Use this plugin when you need to index an XML field containing HTML as a HTML inner document, and it isn’t correctly detected as HTML.

This plugin provides users with the ability to wrap a specific XML field contents in <html> tags, so that the field can be indexed as an inner HTML document. This is useful when an XML or JSON feed containing HTML can’t be modified at the source.

When to use this plugin

This plugin should be used if you are trying to index an XML file using the HTML inner document mode, and the XML field you are attempting to index contains a HTML fragment (without surrounding <html> tags). If you attempt to index this without the plugin the field contents will not be correctly detected as HTML.

Caveats

  • Applying this plugin can have unintended consequences when used in conjunction with the Inner HTML or XML documents in the Funnelback special XML configuration. If the inner HTML or XML documents feature is used, the field containing the document URL must be above all fields containing inner HTML or XML documents.

Usage

Enable the plugin

  1. Select Plugins from the side navigation pane and click on the Wrap XML element in HTML tags tile.

  2. From the Location section, select the data source to which you would like to enable this plugin from the Select a data source select list.

The plugin will take effect after setup steps and an advanced > full update of the data source has completed.

Configuration settings

The configuration settings section is where you do most of the configuration for your plugin. The settings enable you to control how the plugin behaves.

The configuration key names below are only used if you are configuring this plugin manually. The configuration keys are set in the data source configuration to configure the plugin. When setting the keys manually you need to type in (or copy and paste) the key name and value.

XML element to wrap in HTML tags

Configuration key

plugin.xml-element-html-wrapper-filter.config.xpath

Data type

string

Required

This setting is required

Specifies an XPath to the XML element containing the HTML fragment that should have its content wrapped in '<html>' tags.

When defining the X-Path, ensure you take into account any changes in the XML structure that might have been introduced in previous filters. For example if you split the XML file into individual XML documents that you then filter, the X-Paths will need to be adjusted to reflect the individual XML record structure.

Filter chain configuration

This plugin uses filters which are used to apply transformations to the gathered content.

The filters run in sequence and need be set in an order that makes sense.
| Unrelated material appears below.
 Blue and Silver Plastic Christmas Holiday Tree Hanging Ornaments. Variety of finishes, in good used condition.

The plugin supplied filter(s) (as indicated in the listing) should be re-ordered to an appropriate point in the sequence.
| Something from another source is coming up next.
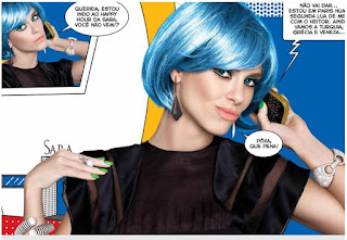 Carolina Dieckmann participou de uma campanha publicitária de uma marca de joias. A atriz posou para fotos usando diferentes modelos de perucas. Ela usou um modelo chanel azul, um rosa, uma longa e de franjinha loira, além de uma com tom bem amarelo, uma ruiva e outra preta.

Changes to the filter order affects the way the data source processes gathered documents. See: document filters documentation.

Filter classes

This plugin supplies a filter that runs in the main document filter chain: com.funnelback.plugins.xmlElementHtmlWrapperFilter.XmlElementHtmlWrapperFilter

Drag the com.funnelback.plugins.xmlElementHtmlWrapperFilter.XmlElementHtmlWrapperFilter plugin filter to where you wish it to run in the filter chain sequence.

Examples

Consider the following XML document:

<files>
  <file>
    <title>Example title 1</title>
    <description>This is an example document</description>
    <url>http://example.com/example-files/file.html</url>
    <doc>&lt;p&gt;An example HTML document.&lt;/p&gt;></doc>
  </file>
  <file>
    <title>Example title 2</title>
    <description>This is another example document</description>
    <url>http://example.com/example-files/file2.html</url>
    <doc><![CDATA[<p>Another example HTML document.</p>]]></doc>
  </file>
</files>

The doc element contains html code that you wish to index as an HTML inner document.
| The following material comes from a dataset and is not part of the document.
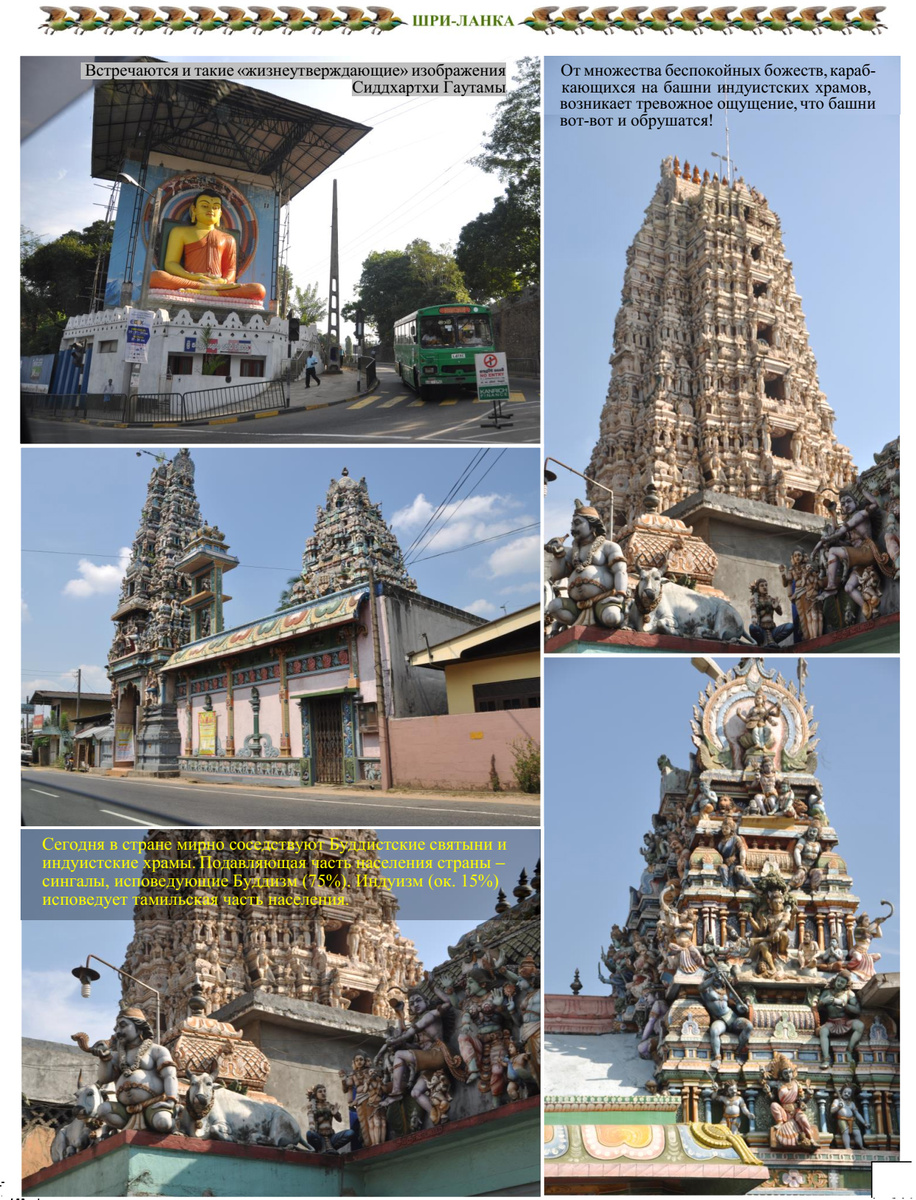 ШРИ-ЛАНКА Сегодня в стране мирно соседствуют Буддистские святыни и индуистские храмы. Подавляющая часть населения страны – сингалы, исповедующие Буддизм (75%). Индуизм (ок. 15%) исповедует тамильская часть населения. Встречаются и такие «жизнеутверждающие» изображения Сиддхартхи Гаутамы – на фото сверху, слева. От множества беспокойных божеств, карабкающихся на башни индуистских храмов, возникает тревожное ощущение, что башни вот-вот и обрушатся! – на фото сверху, справа. СКАЗОЧНЫЕ ОБРАЗЫ ИЗ ИНДУИСТСКОГО ПАНТЕОНА Индуизм - одна из наиболее крупных по числу последователей религий мира, сформировалась в 1-м тыс. н.э. Основа индуизма - учение о перевоплощении душ (сансара), происходящем в соответствии с законом воздаяния (карма) за добродетельное или дурное поведение. Два основных направления связанны с культами верховных богов Шивы и Вишну. Культовые обряды совершаются в храмах и священных местах. Помимо бесчисленных божеств почитаются и священные животные (корова, змея), и реки (Ганг),

Configuring the plugin with:

Configuration key name Value

XML element to wrap in HTML tags

/files/file/doc

will result in the following modification to the downloaded XML, making it suitable for indexing.

<files>
  <file>
    <title>Example title 1</title>
    <description>This is an example document</description>
    <url>http://example.com/example-files/file.html</url>
    <doc>&lt;html&gt;&lt;p&gt;An example HTML document.&lt;/p&gt;&lt;/html&gt;</doc>
  </file>
  <file>
    <title>Example title 2</title>
    <description>This is another example document</description>
    <url>http://example.com/example-files/file2.html</url>
    <doc>&lt;html&gt;&lt;p&gt;Another example HTML document.&lt;/p&gt;&lt;/html&gt;</doc>
  </file>
</files>

Change log

[1.1.0]

Changed

  • Updated to the latest version plugin framework (Funnelback shared v16.20) to enable integration with the new plugin management dashboard.